The Federal Trade Commission (FTC) announced the agenda for the Pet Meds Workshop Oct. 2 at the FTC Conference Center in Washington D.C. The workshop will examine the distribution of pet medications and how business practices affect consumer choice and competition through a series of participant-hosted panels.
The workshop will open with remarks from FTC Chairman Jon Leibowitz and workshop framing remarks by Stephanie Wilkinson, FTC Attorney Advisor, Office of Policy Planning. An overview of the veterinary profession will be given by companion animal practitioner and American Veterinary Medical Association (AVMA) President Douglas Aspros, DVM, followed by an overview of the pet medications industry given by Paul D. Pion, DVM, president and co-founder for the Veterinary Information Network (VIN).

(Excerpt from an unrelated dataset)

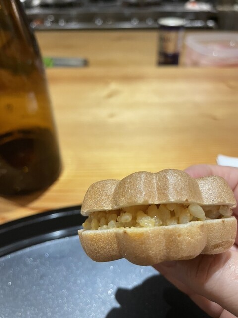 あん肝とご飯をまぜてモナカに挟んで頂きます。

Ashley Morgan, DVM, assistant director of the AVMA’s Government Relations Division, says the association is eager to participate to provide as much accurate information about veterinary prescription writing as it can. In response to the pending Fairness to Pet Owners Act, H.R. 1406, that would require veterinarians to always provide a written prescription to clients, she hopes the AVMA can promote the understanding that there are “more things that go into it than just jotting it down on a piece of paper and sending clients of their way.” The workshop will address H.R. 1406 and whether it is necessary for a competitive marketplace during a panel discussion on the distribution of pet medications and the portability of prescription pet medications.
Adrian Hochstadt, assistant director of the AVMA’s State Legislative and Regulatory Affairs Division will give the introductory presentation. The Federal Trade Commission’s Sydney Knight, attorney, Division of Advertising Practices, Bureau of Consumer Protection, will present the panel to discuss “Lessons Learned from the Contact Lens Industry.” It will discuss the Fairness to Contact lens Consumers Act and the elimination of restricted distribution practices for contact lenses. The panel will use the contact lens industry as a comparable model to the pet medication industry to predict potential consumer cost savings and non-price benefits that might result from the expansion of pet medication distribution and prescription portability.
The workshop will conclude with closing remarks from the FTC’s Andrew I. Gavil, director, Office of Policy Planning.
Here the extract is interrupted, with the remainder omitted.